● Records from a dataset
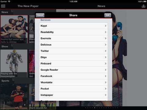 + One tap to share your article to Facebook, Twitter, Instapaper, Read It Later, GoogleReader, Pinboard, Tumblr, Delicious. Or you can copy, email, open the article in Safari.
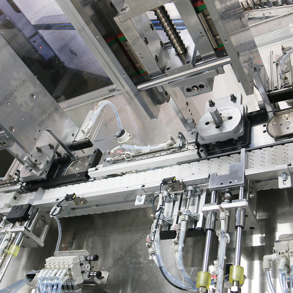 具有自动铆接、CCD检测、不良品区分、缺料报警、翻转竖立等工序的在线监测、实时监控、质量溯源、条码识别、关键元器件寿命监测、
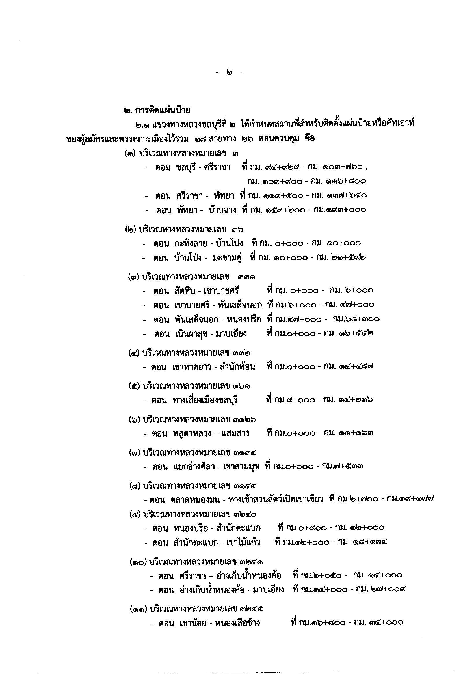 ประกาศแขวงทางหลวงชลบุรีที่ 2 เรื่อง กำหนดสถานที่ หลักเกณฑ์และวิธีการปิดประกาศและแผ่นป้ายเกี่ยวกับการเลือกตั้งสมาชิกผู้แทนราษฎร
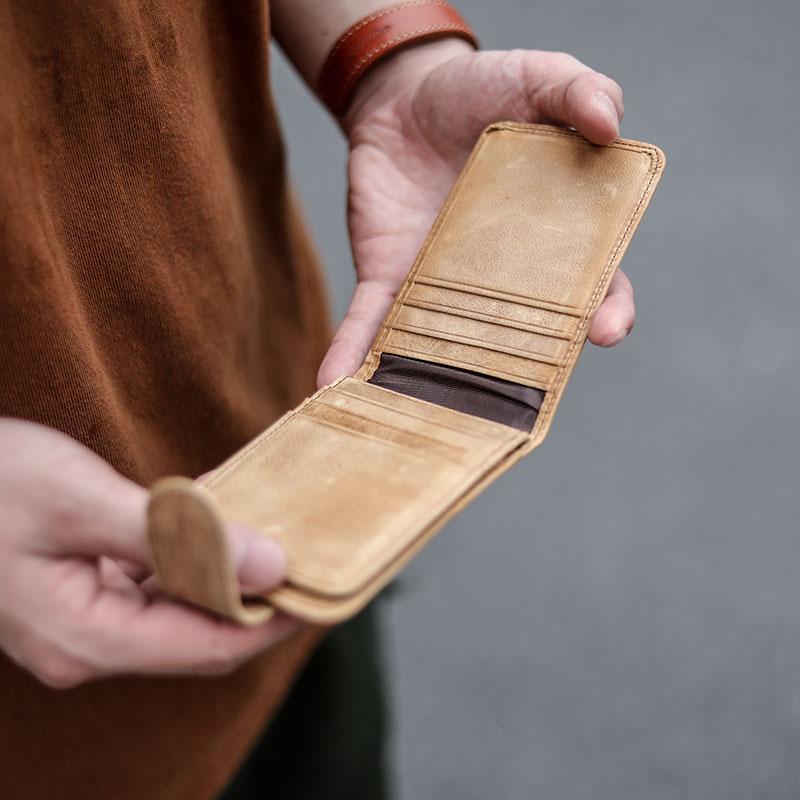 Style: Cool Leather Mens Card billfold Wallet Bifold SMall License Wallet Light Brown Front Pocket Wallets For Men
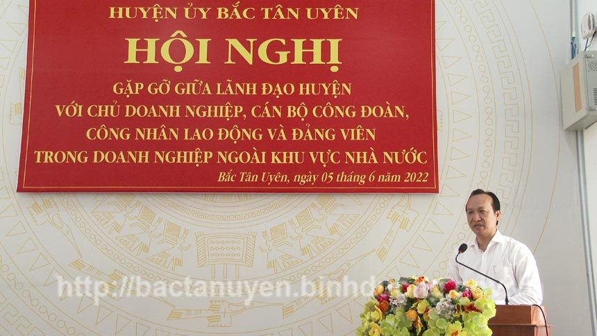 Sáng ngày 5-6, Huyện Bắc Tân Uyên tổ chức Hội nghị gặp gỡ giữa Lãnh đạo huyện với Chủ doanh nghiệp, cán bộ công đoàn, công nhân lao động và đảng viên trong doanh nghiệp ngoài khu vực nhà nước. Dự Hội nghị có ông Trương Văn Phong - Phó Bí thư Huyện ủy, ông Nguyễn Thanh Lâm - Trưởng Ban Tổ chức Huyện ủy, ông Trần Hữu Phúc - Chủ tịch Liên đoàn lao động huyện, lãnh đạo các ban, ngành, đoàn thể huyện, UBND các xã, thị trấn; Giám đốc, cán bộ công đoàn, công nhân lao động và đảng viên các Công ty trong doanh nghiệp ngoài khu vực nhà nước; Bí thư chi đoàn các xã, thị trấn trên địa bàn huyện.
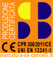 L'esposizione del Logo attesta la produzione controllata da sistema certificato secondo CPR 305/2011/CE e la Norma di prodotto UNI EN 13241-1. Garantisce i vostri clienti del controllo necessario sulla vostra produzione per la produzione di cancelli.

● WHAT THE TASK REQUIRES
Copy exactly what appears in the entries, beginning with the first line and ending with the line that has "Style: Cool Leather", but not the pictures.

● ANSWER TO THIS EXERCISE
 + One tap to share your article to Facebook, Twitter, Instapaper, Read It Later, GoogleReader, Pinboard, Tumblr, Delicious. Or you can copy, email, open the article in Safari.
 具有自动铆接、CCD检测、不良品区分、缺料报警、翻转竖立等工序的在线监测、实时监控、质量溯源、条码识别、关键元器件寿命监测、
 ประกาศแขวงทางหลวงชลบุรีที่ 2 เรื่อง กำหนดสถานที่ หลักเกณฑ์และวิธีการปิดประกาศและแผ่นป้ายเกี่ยวกับการเลือกตั้งสมาชิกผู้แทนราษฎร
 Style: Cool Leather Mens Card billfold Wallet Bifold SMall License Wallet Light Brown Front Pocket Wallets For Men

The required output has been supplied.